_Problem to solve_. Go to the line below that contains "Houten bewaarbundel geboortekaartjes". From there to the end of the records, reproduce each line exactly, except the pictures.

** Exercise material follows **

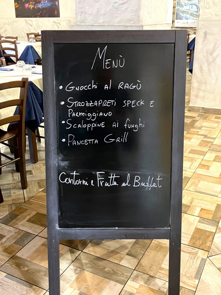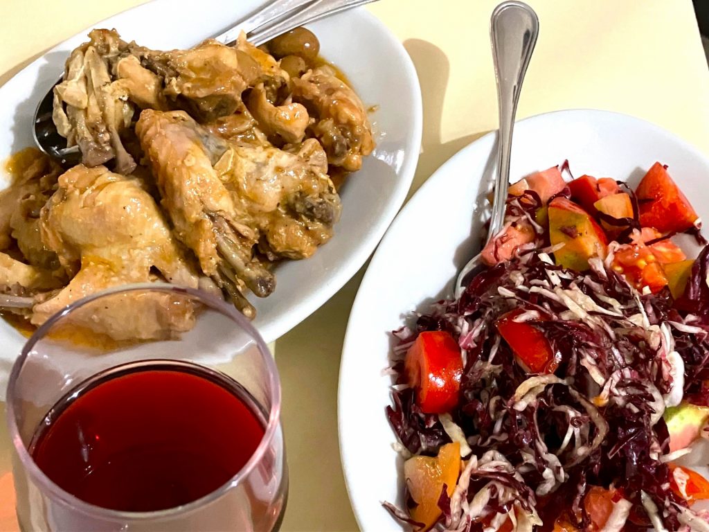 Da es immer mal wieder zu regnen beginnt, sind wir froh ins Bauernrestaurant gehen zu können. Hier werden neben Pasta und Salat auch das wohl zarteste in Weißwein zubereitete Hühnchen aus eigener Zucht zubereitet.
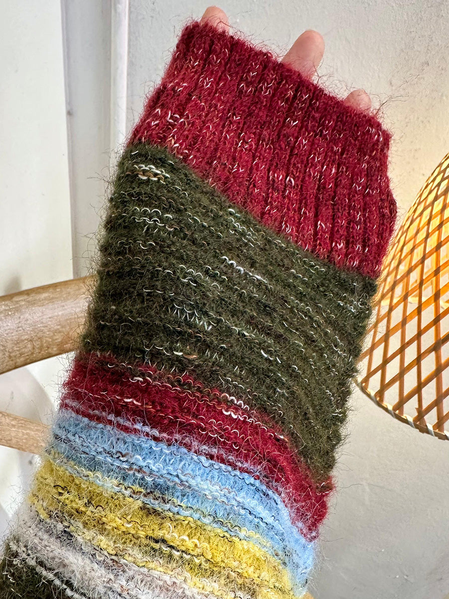 Women Artsy Autumn Stripe Cardigan Sweater Coat AH1027
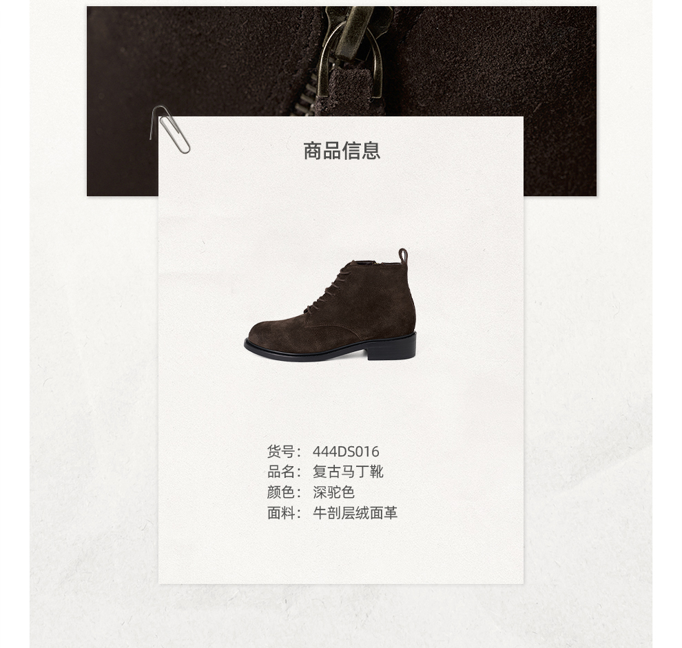 ROMI STUDIO“率性自我”进口绒面牛皮拼羊皮复古马丁靴 444DS016
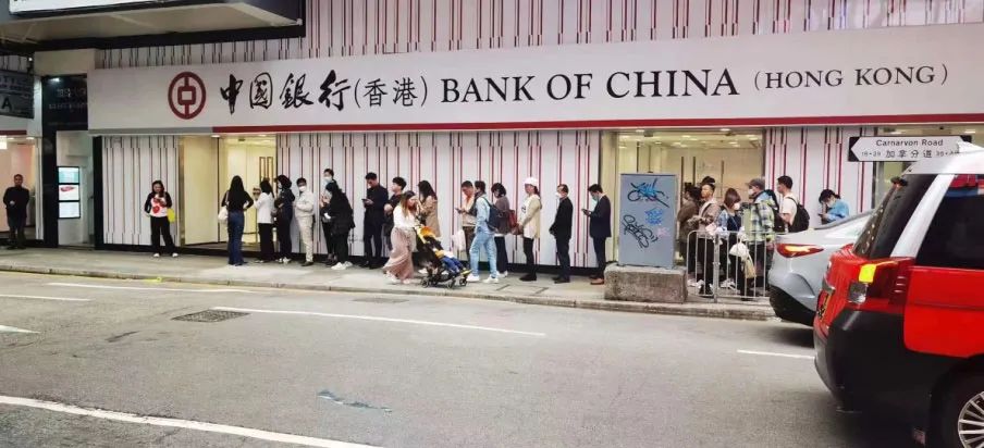 3月22日早上7时,在香港尖沙咀加拿分道中国银行(香港)某网点,记者看到办理银行业务的客户已排起了长队。而此时距离银行开门营业还有两个小时。
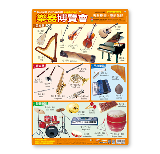 專利掛圖,獨步全球!字大、圖多、畫面清晰,最適合幼兒的多元學習主題。本產品以寫實照片呈現,讓孩子認識中西方樂器的中英文名稱,建立基本認知。專利掛圖,獨步全球!字大、圖多、畫面清晰最適合幼兒的多元學習主題本產品圖文並茂,建立基本認知
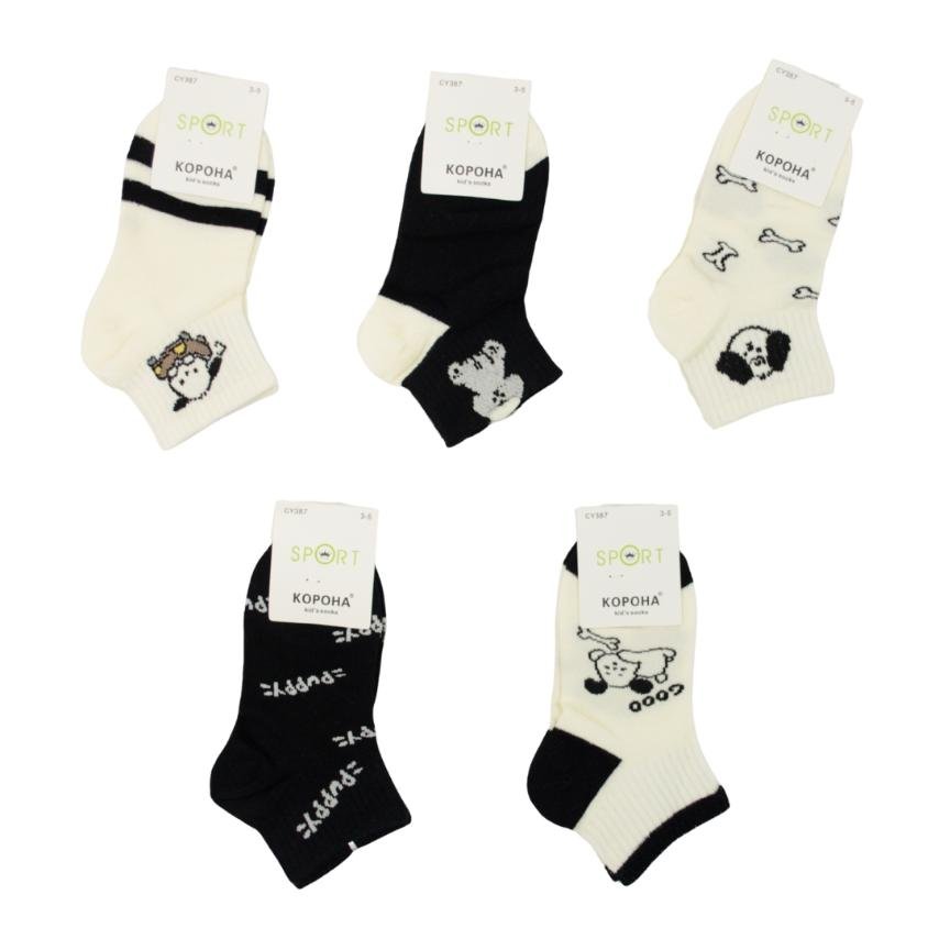 Детские носки изготовлены из мягкого и дышащего хлопкового материала, они приятны на ощупь и не вызывают раздражения. Модель черно-белого цвета, украшена милыми принтами с собачками, что точно понравится детям. Носки имеют обычный шов и эластичную манжету, не сдавливающую ножку, обеспечивая комфорт даже при длительном ношении. Подходят для повседневной обуви, занятий в садике или школе. Наш интернет-магазин уже с нетерпением ждёт Ваш заказ!Страна производитель - Китай
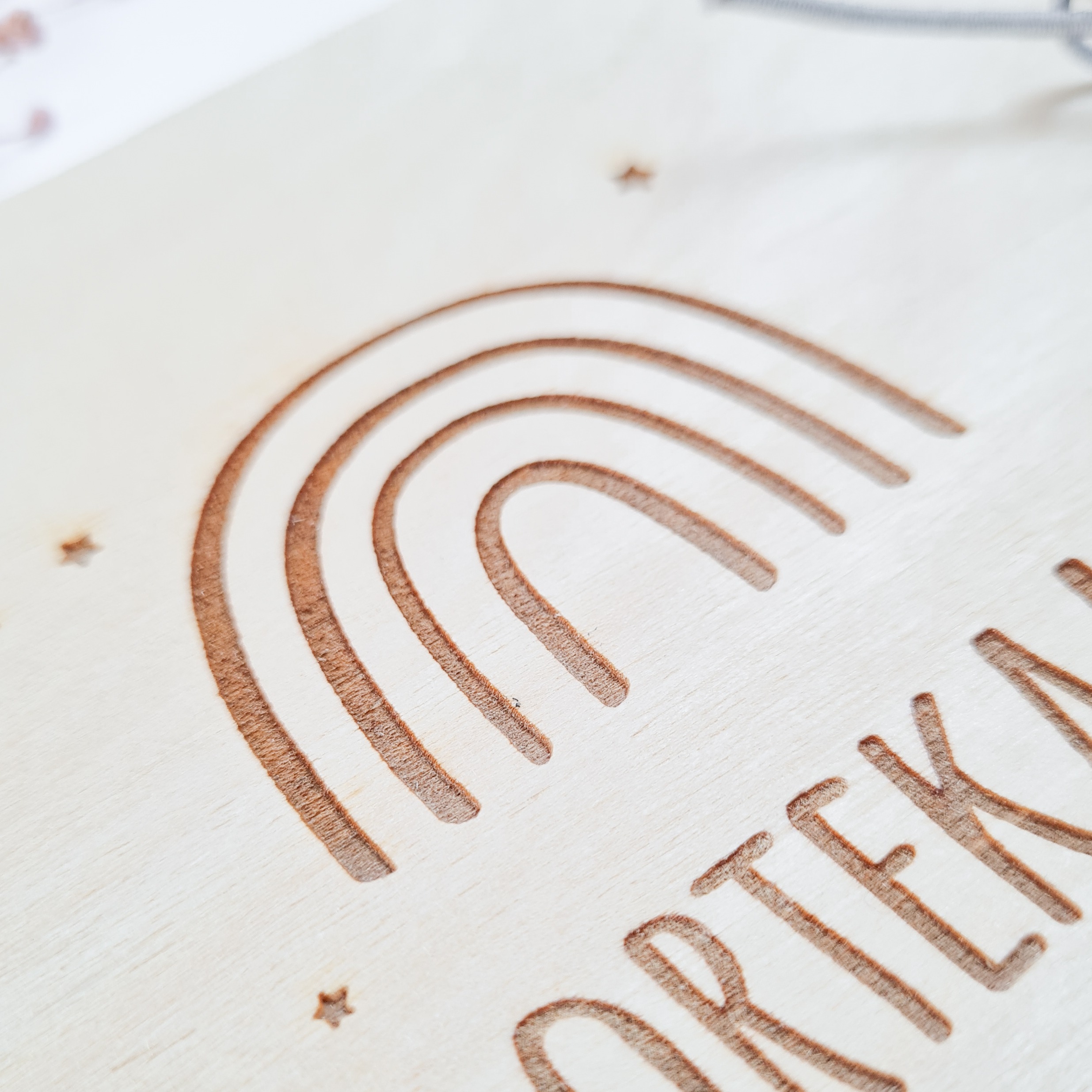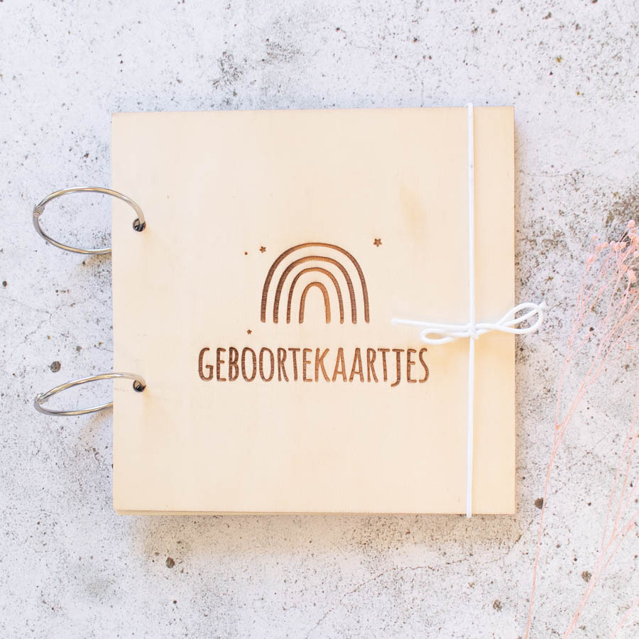 Houten bewaarbundel geboortekaartjes | 20 x 20 cm | Regenboog
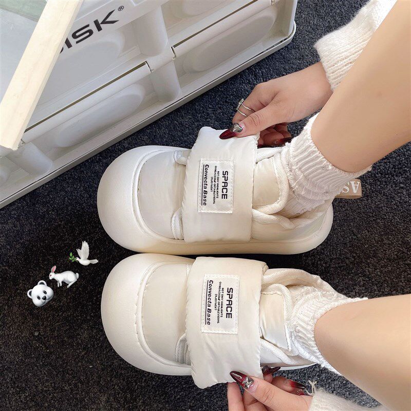 孕妈厚底加绒棉拖鞋 2024秋季 新V款 魔术贴小白 女保暖奶油面包棉鞋
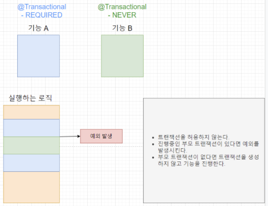5. NEVER는 트랜잭션을 생성하지 않는다. 부모 트랜잭션이 존재한다면 예외를 발생시킨다.

** End of Exercise material **

_Answer space_.
 Houten bewaarbundel geboortekaartjes | 20 x 20 cm | Regenboog
 孕妈厚底加绒棉拖鞋 2024秋季 新V款 魔术贴小白 女保暖奶油面包棉鞋
5. NEVER는 트랜잭션을 생성하지 않는다. 부모 트랜잭션이 존재한다면 예외를 발생시킨다.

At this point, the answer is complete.